*WHAT NEEDS TO BE DONE*: Leave out the pictures, and write out exactly the lines from the beginning of the material to the line holding "Im Hinkelsaal –", that line included, and nothing else.

*DATA RECORDS*:
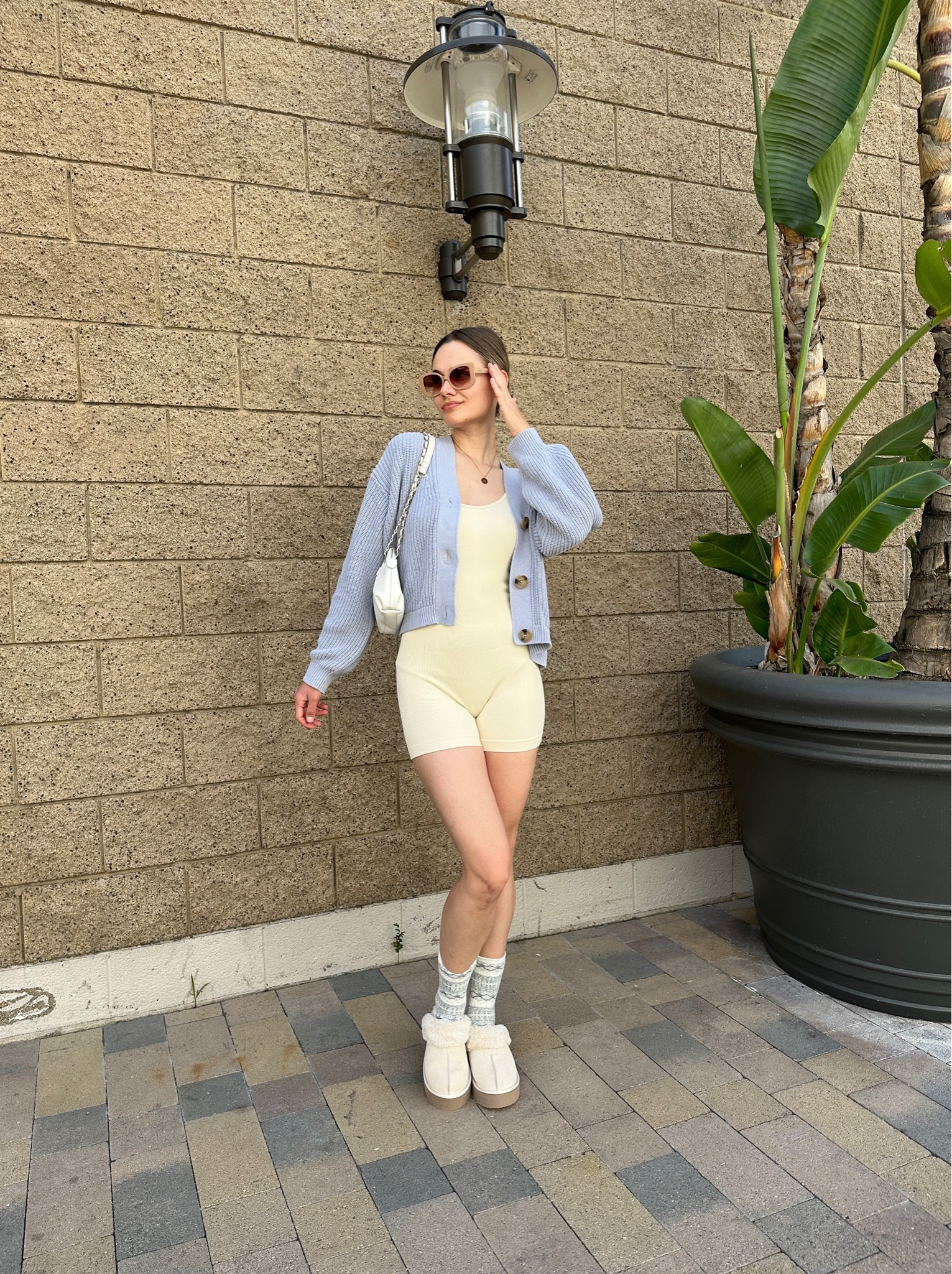The outfit offers a harmonious blend of casual and chic aesthetics with a well-coordinated color palette of neutrals that are versatile for multiple occasions. The textured cardigan and sneakers add a comfortable, relaxed dimension, while the fitted bodysuit and skirt create a sleek, feminine silhouette.
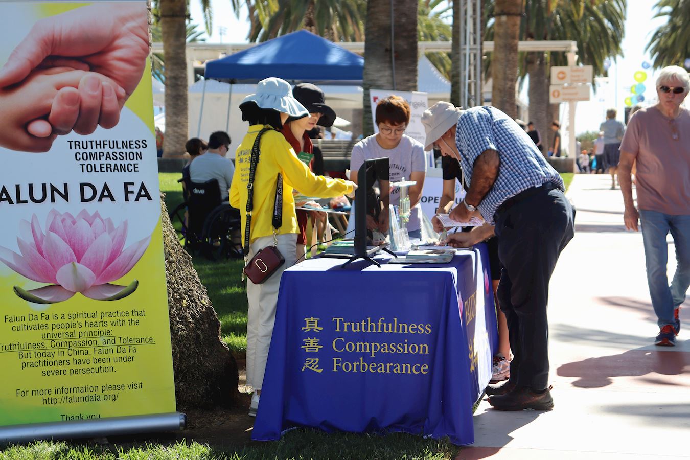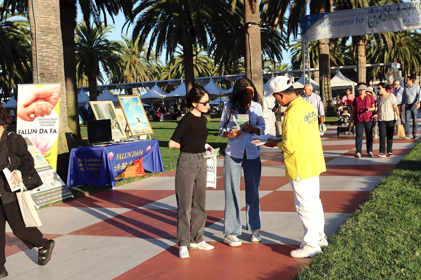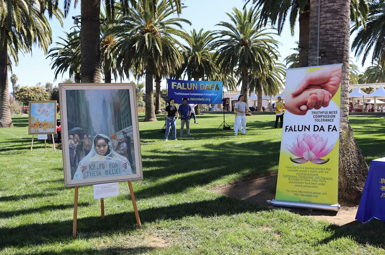 本届地球村节有116个摊位,约30家美食铺,以及各民族的精彩艺术表演。十几年来,当地的法轮大法修炼者持续参加尔湾地球村节的活动,以各种方式向人们展示着大法的美好和修炼后的身心改善。
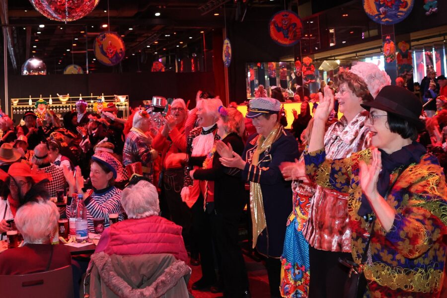 Im Hinkelsaal – schließlich war Bürgermeister Josef Hinkel anwesend – feierten rund 400 Senior*innen am Dienstag (3.2.) fröhlich Karneval mit einem bunten Programm. Eingeladen hatte die Bürgerstiftung Düsseldorf und durch den Nachmittag führte in seiner bekannt charmanten Art Andreas Mauska. Dabei wurde er von Claus Momburg unterstützt, der sich bei der Bürgerstiftung um den Bereich Senioren kümmert.
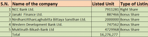 यो साता जानकी फाईनान्स, निर्धन उत्थान लघुवित्त, वेस्टर्न डेभलपमेन्ट बैंक र मुक्तिनाथ विकास बैंकको बोनस शेयर र एनसीसी बैंकको हकप्रद शेयर गरेर १ करोड ६२ लाख ७६ हजार २ सय ७७ कित्ता शेयर सुचिकृत भएको छ ।
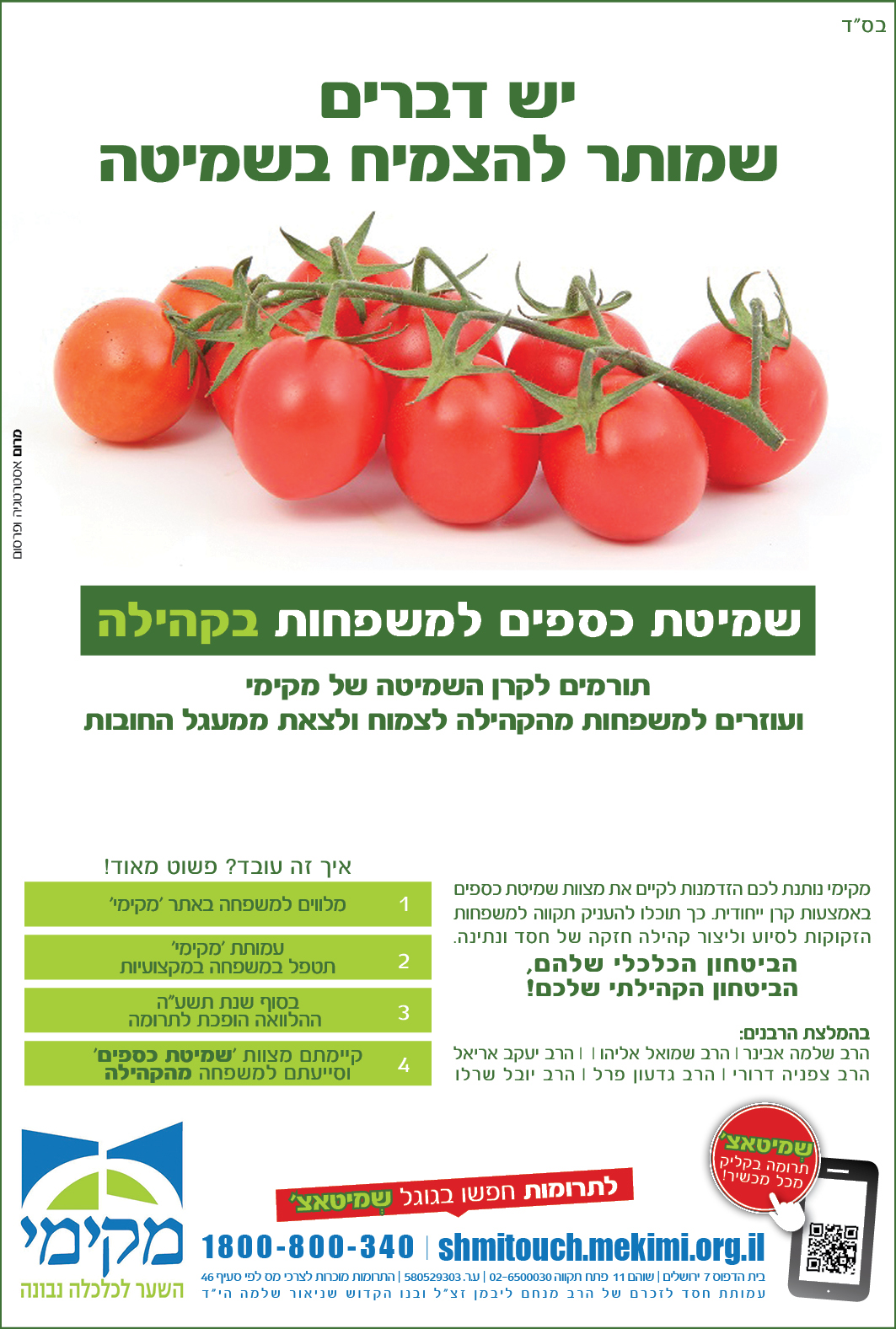 עמותת מקימי פועלת כ 5 שנים במתן סיוע כלכלי למשפחות שנקלעו לקשיים כלכליים. ע"י גיוס קהילתי. בשנה זו (שנת שמיטה) חלה גם חובת שמיטת כספים, ומקימי הקימה קרן
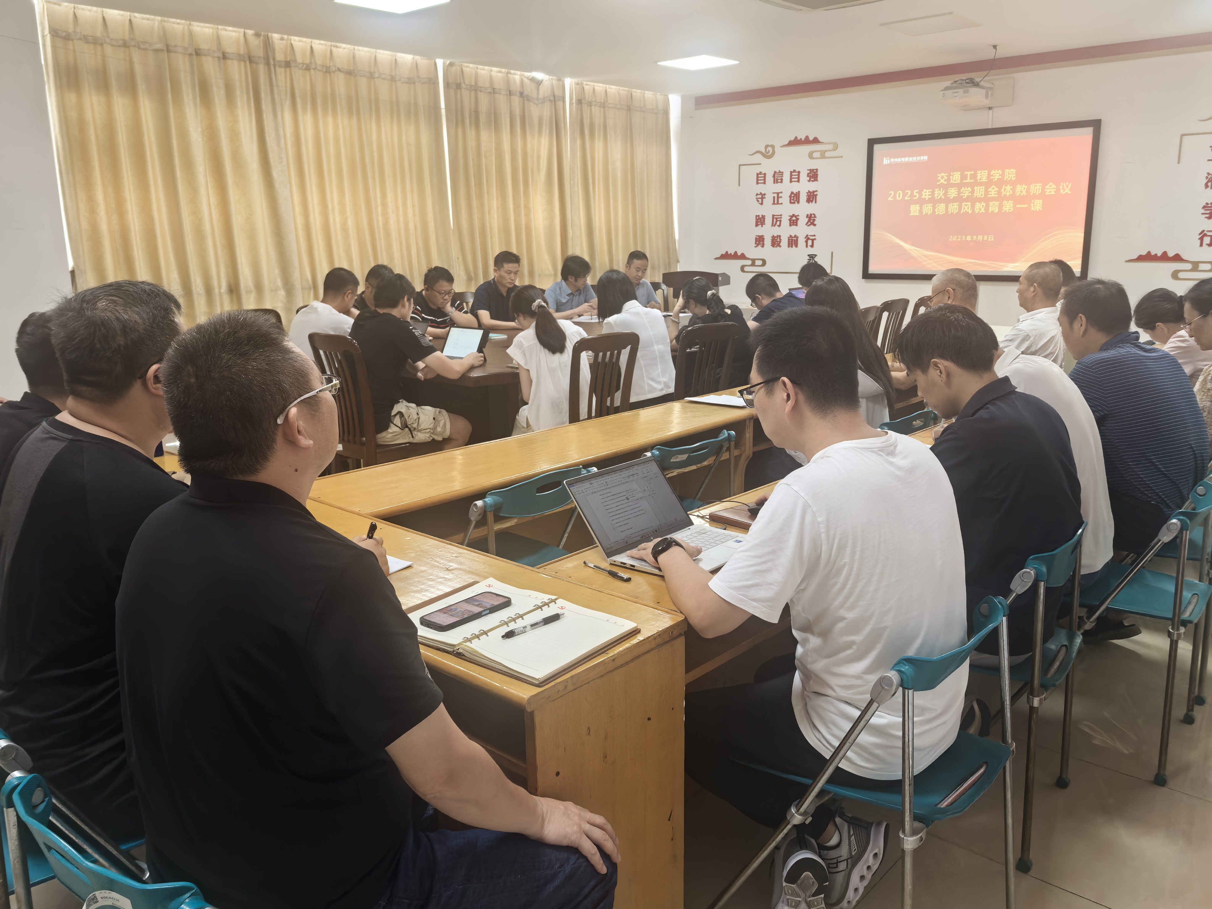 9月8日下午,交通工程学院在善为楼421室召开了2025年秋季学期全体教师会议暨师德师风教育第一课。会议由学院党总支书记吴海东主持,学院全体教职工列席了会议。
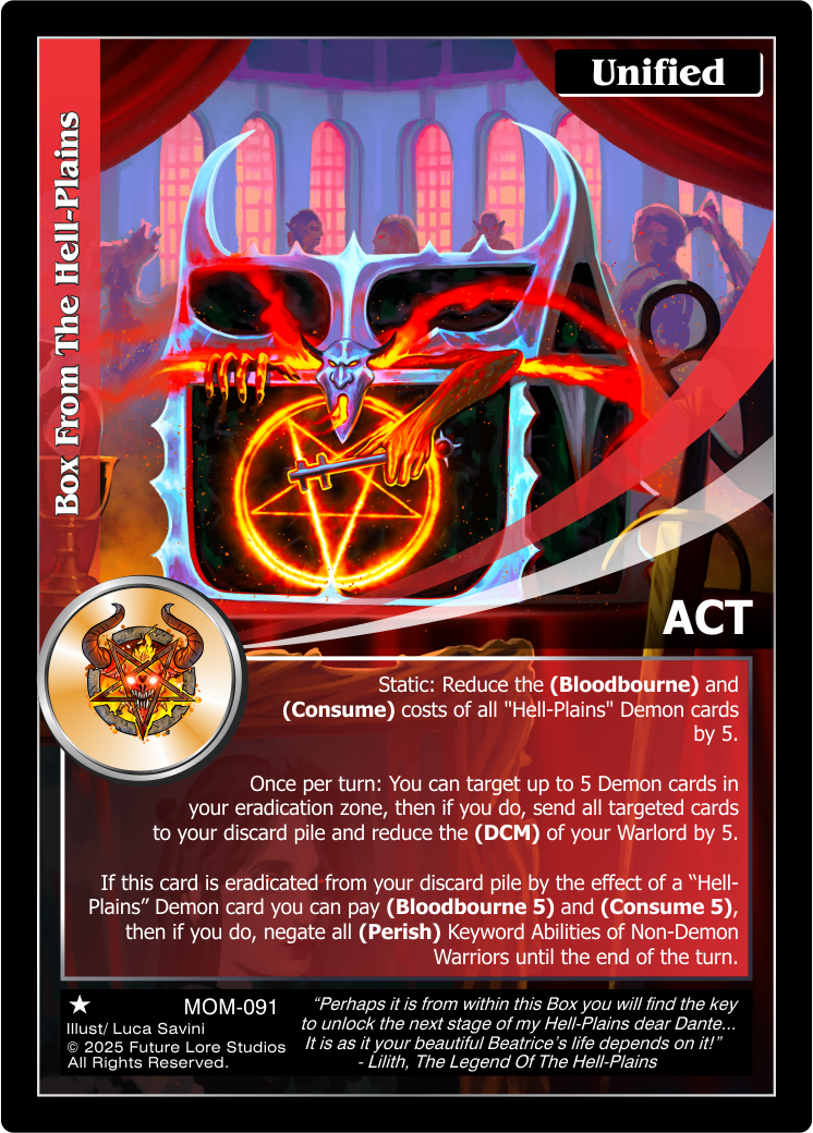 Static: Reduce the (Bloodbourne) and (Consume) costs of all “Hell-Plains” Demon cards by 5.
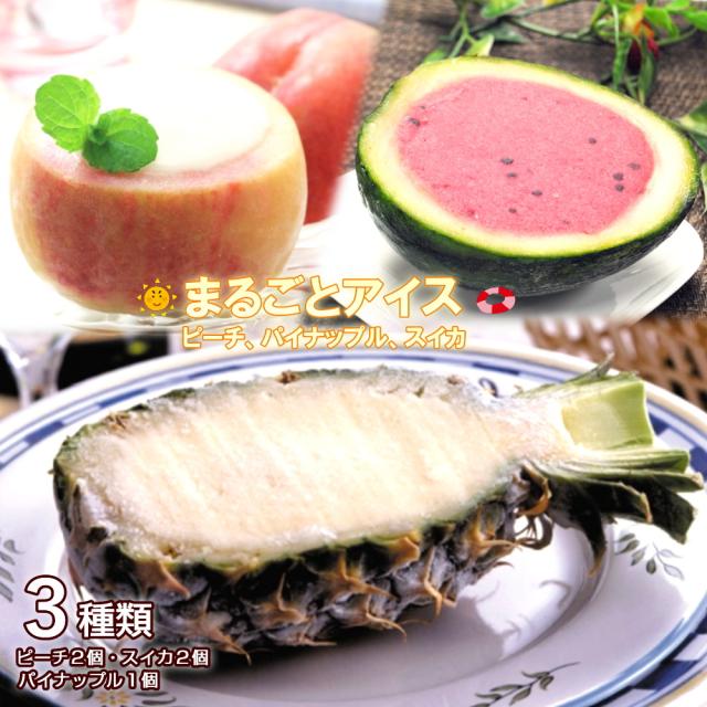 3種類セット(パイン1個、ピーチ2個、スイカ2個)化粧箱 まるごとアイスサマーセット フルーツアイス ギフト パイナップル 桃 西瓜 の果皮を使用した 果物まるごとアイス / 沖縄県・一部離島は配送不可
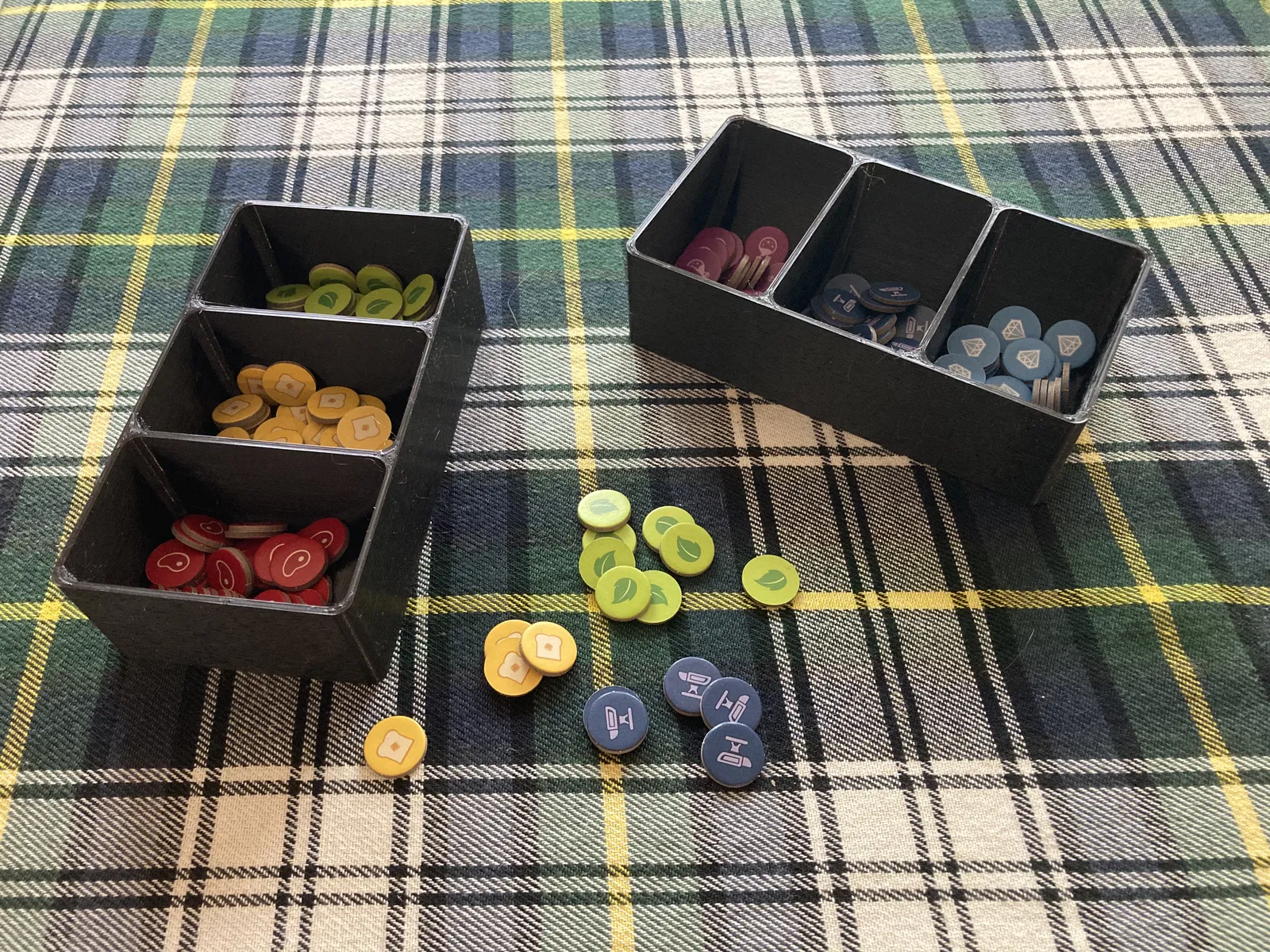 Bộ insert này giúp bạn sắp xếp game gọn gàng trong hộp, đồng thời cũng hỗ trợ thao tác khi chơi. Mình không thiết kế theo kiểu có tính tới bài đã bọc sleeve, nên sẽ không chứa được card sleeves. Mình cũng thiết kế dựa trên base game, nên không dám hứa là sẽ vừa các món của bản deluxe (chắc chắn là không có chỗ cho mấy player minis nâng cấp). Nhưng nếu bạn chỉ có metal coins hoặc wooden tokens, thì có kèm một hộp misc để cất các miếng cardboard gốc.
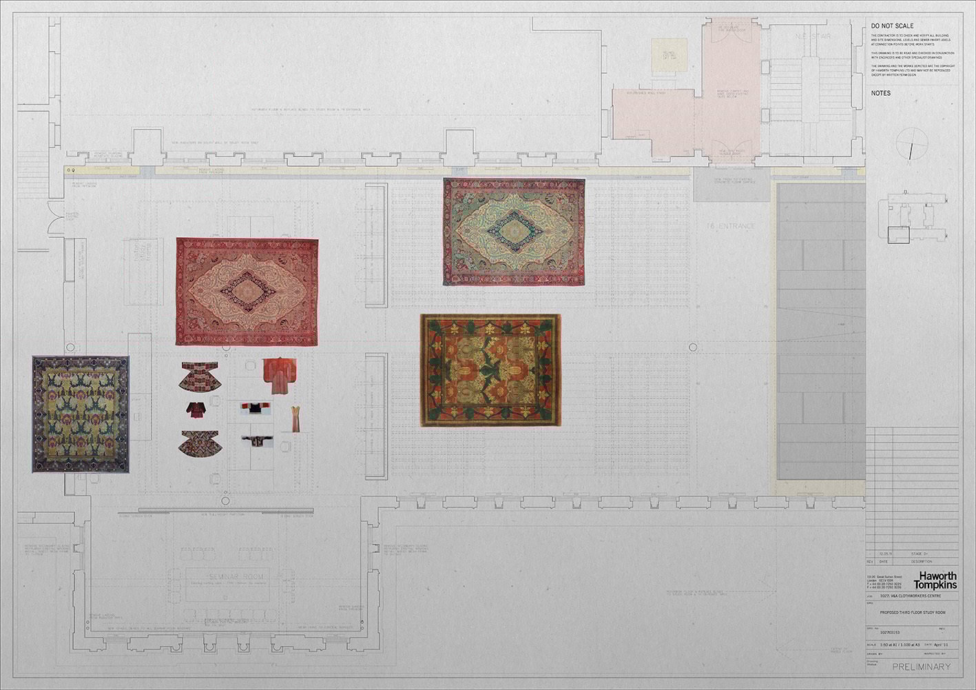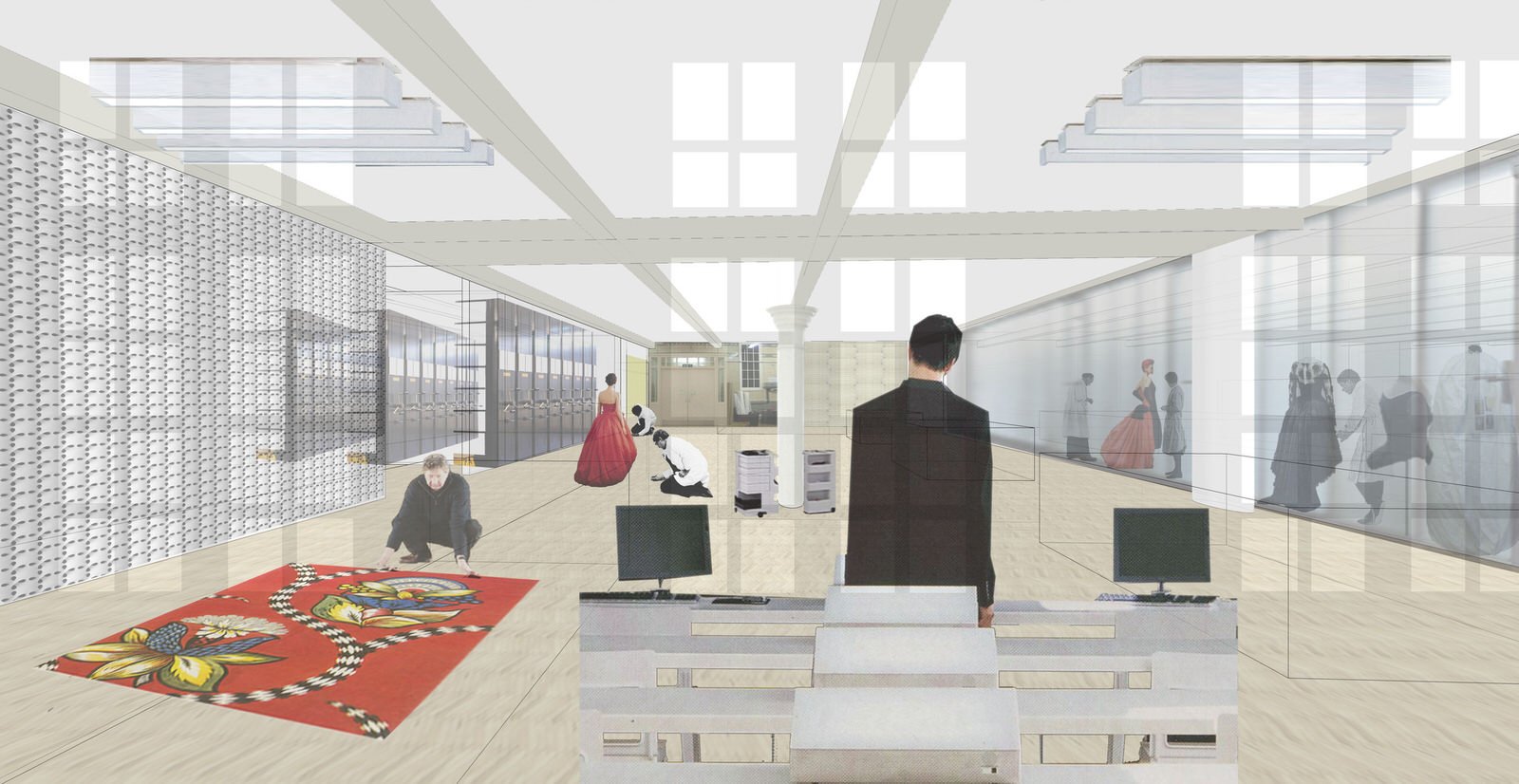 The brief was to create an enhanced ‘behind the scenes’ study experience, with the emphasis on a working Textile and Fashion Collection, where the storage and conservation elements were made explicit - a working studio rather than an exhibition room or a curated space. The study room area was to have a formal grandeur and scale similar to a reading room in a library or a salon in a fashion house.

*TASK RESULT*:
The outfit offers a harmonious blend of casual and chic aesthetics with a well-coordinated color palette of neutrals that are versatile for multiple occasions. The textured cardigan and sneakers add a comfortable, relaxed dimension, while the fitted bodysuit and skirt create a sleek, feminine silhouette.
 本届地球村节有116个摊位,约30家美食铺,以及各民族的精彩艺术表演。十几年来,当地的法轮大法修炼者持续参加尔湾地球村节的活动,以各种方式向人们展示着大法的美好和修炼后的身心改善。
 Im Hinkelsaal – schließlich war Bürgermeister Josef Hinkel anwesend – feierten rund 400 Senior*innen am Dienstag (3.2.) fröhlich Karneval mit einem bunten Programm. Eingeladen hatte die Bürgerstiftung Düsseldorf und durch den Nachmittag führte in seiner bekannt charmanten Art Andreas Mauska. Dabei wurde er von Claus Momburg unterstützt, der sich bei der Bürgerstiftung um den Bereich Senioren kümmert.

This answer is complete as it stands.